*INSTRUCTIONS FOR THE TASK*
Since the listing below shows pictures, leave them out and write out exactly the lines from the line with "L’étui pour téléphone Montblanc" to the line with "创建一个黄金与白银价格的监控器,当 24 小时内的价格波动超过 1% 时,给我发送通知。", both included, and no others.

*EXTRACTED ENTRIES*
..............................

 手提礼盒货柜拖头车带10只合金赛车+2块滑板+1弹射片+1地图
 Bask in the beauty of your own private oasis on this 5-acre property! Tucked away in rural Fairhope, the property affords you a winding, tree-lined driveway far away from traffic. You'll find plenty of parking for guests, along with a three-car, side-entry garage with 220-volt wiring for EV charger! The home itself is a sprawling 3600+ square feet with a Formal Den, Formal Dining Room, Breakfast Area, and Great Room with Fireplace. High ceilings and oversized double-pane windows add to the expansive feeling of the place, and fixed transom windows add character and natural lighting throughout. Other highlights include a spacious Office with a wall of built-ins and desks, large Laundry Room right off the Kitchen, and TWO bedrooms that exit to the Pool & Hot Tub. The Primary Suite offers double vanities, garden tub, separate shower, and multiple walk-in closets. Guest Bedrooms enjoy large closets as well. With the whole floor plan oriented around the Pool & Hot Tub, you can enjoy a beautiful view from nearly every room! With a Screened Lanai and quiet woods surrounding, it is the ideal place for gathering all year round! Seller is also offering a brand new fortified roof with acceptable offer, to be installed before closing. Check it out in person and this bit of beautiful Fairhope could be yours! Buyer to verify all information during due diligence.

..............................

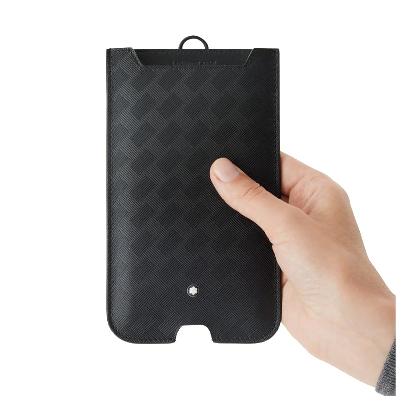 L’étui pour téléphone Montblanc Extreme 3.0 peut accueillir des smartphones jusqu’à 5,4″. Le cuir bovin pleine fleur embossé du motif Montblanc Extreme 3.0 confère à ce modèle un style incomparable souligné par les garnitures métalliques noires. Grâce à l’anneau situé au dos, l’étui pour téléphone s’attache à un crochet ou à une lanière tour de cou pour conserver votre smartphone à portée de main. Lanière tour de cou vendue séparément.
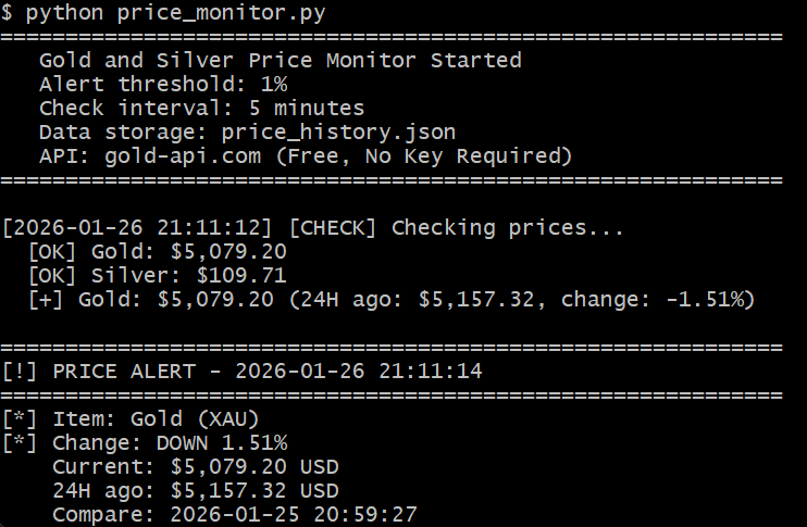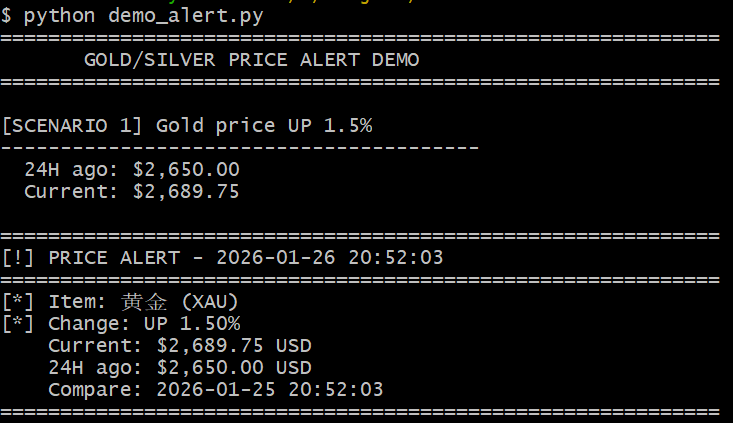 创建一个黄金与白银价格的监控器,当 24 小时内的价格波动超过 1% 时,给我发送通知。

..............................

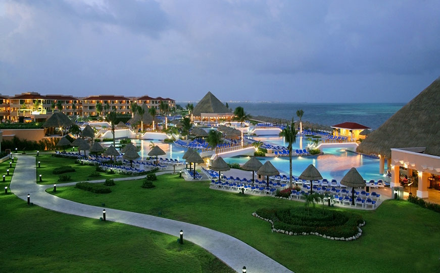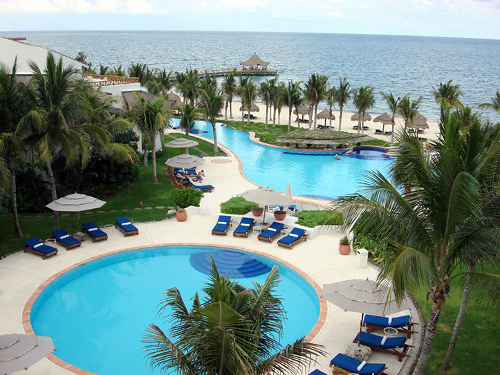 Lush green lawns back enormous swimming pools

..............................

*ANSWER SECTION*
 L’étui pour téléphone Montblanc Extreme 3.0 peut accueillir des smartphones jusqu’à 5,4″. Le cuir bovin pleine fleur embossé du motif Montblanc Extreme 3.0 confère à ce modèle un style incomparable souligné par les garnitures métalliques noires. Grâce à l’anneau situé au dos, l’étui pour téléphone s’attache à un crochet ou à une lanière tour de cou pour conserver votre smartphone à portée de main. Lanière tour de cou vendue séparément.
 创建一个黄金与白银价格的监控器,当 24 小时内的价格波动超过 1% 时,给我发送通知。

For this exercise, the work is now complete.